In AF, rapid atrioventricular node conduction during exercise can cause symptoms like dizziness, syncope, fatigue, and reduced performance. Recommendations for sports participation depend on the ventricular rate during AF episodes. If rate control is achieved and no symptoms of hemodynamic impairment are present, the patient may continue with their exercise[16]. The initial NSVT, as it was very short, did not raise significant concerns regarding exercise without evidence of coronary artery disease or a myocardial substrate. The exercise prescription changed after the genetic testing. According to the 2015 Scientific Statement from the American Heart Association, sports (beyond class IA sports) are not recommended for a patient with CPVT and documented exercise-induced PVCs/NSVT[17]. The American Heart Association classification of sports is based on peak static and dynamic components achieved during competition. Class IA sports are low in both static and dynamic demands, placing the least cardiovascular strain on the heart (low cardiac output and blood pressure). Examples of class IA sports include bowling, curling, cricket, golf, yoga, and riflery[18]. According to the 2021 European recommendations, long-term management of CPVT focuses on limiting exercise to moderate intensity (30-60 minutes, 3-7 days a week). While ventricular arrhythmias can occur at moderate HRs, some patients may engage in sports with appropriate treatment and, most importantly, avoidance of sudden bursts of activity. Based on prior exercise testing, individualized maximal HR limits may be specified. [19]
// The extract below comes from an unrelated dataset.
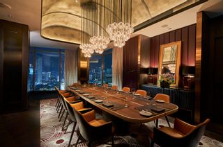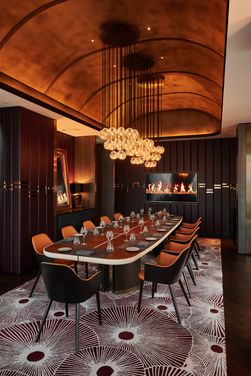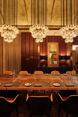 It does not reach the dizzying heights of other buildings in Singapore, but its location on the dock of Marina Bay gives it an incredible view of the most fashionable district of the city: OUE Bayfront is located in front of the petal-shaped structure of the ArtScience Museum and the iconic towers topped by the transatlantic liner of Marina Bay Sands, which years ago had travelled around the world. On its top floor, with full-height windows projected onto the architecture of Safdie Architects, one of the cult venues of the year for the Asian metropolis was inaugurated in early 2020: VUE Restaurant, whose name evokes both the spectacular view and the refined international cuisine served to customers. The restaurant indeed has a true fusion character, with influences borrowed from east to west: the dishes offered are mostly French, with northern European or Japanese references; the wines are always French, Italian, Californian and Australian, arranged like works of art in glass cases at controlled temperature in the entrance corridor; the interior design has a global scope, thanks to the signature of the studio CHIL Interior Design; finally, the furniture, elegant and tailored, has an all-Italian imprint. Open on the large outdoor terrace where it is possible to enjoy cocktails until late at night, the VUE room, with its long and narrow floor plan, recalls a classic environment, but totally revisited in the finishes. The floor is made of wooden slats arranged in herringbone pattern while the barrel shaped ceiling recalls a cathedral and is covered with copper plates illuminated by a linear body, placed in the center. Three of the walls are entirely glazed and marked by black windows and doors, whose rhythm is repeated both in the design of the roof and in the last wall, treated with a sequence of niches with dark wood panelling and soft lamps, on which a long upholstered bench develops. Arranged in two parallel rows, the tables are rectangular, square or elliptical, with brass legs and profiles to embellish the top, in black marble, on which is placed a small room lamp in copper finish. The color of the metal also returns in the upholstery of the seats that furnish the restaurant: the comfortable armchairs, from the Break collection by Bross, have in fact the backrest of the seat with leather upholstery in copper tones, punctuated by thin vertical stitching, while the shell and legs are in black stained wood. Designed by Enzo Berti, the seats have also been used for the private dining room of the restaurant, which uses the same materials as the interior design, such as the dark wood panelling, the copper cover and a carpet with geometric patterns with circular patterns on which is placed the large table that can accommodate up to twelve people. The fine finishes and details of the surfaces and furnishings of the privée and the large panoramic room are finally highlighted by the lighting, designed by CHIL Interior Design with the collaboration of consultants, which provides different scenarios depending on the time of day, to ensure guests an exciting moment and the best experience of visiting Singapore.

The case underscores the importance of predictive genetic testing for CPVT, even in the absence of symptoms or characteristic clinical findings. The 58-year-old male patient, who initially presented with AF and monomorphic NSVT without evidence of bidirectional ventricular arrhythmias, was later found to harbor a pathogenic RYR2 mutation following his daughter’s cardiac arrest. Supraventricular arrhythmias may be associated with certain RYR2 mutations which involve the central domain. This case highlights the variable penetrance of the genotype, which is rather unusual, as the patient and the proband are at opposite ends of the clinical spectrum in terms of disease severity. Predictive genetic testing led to a shift in his management, with nadolol initiation and tailored exercise prescription.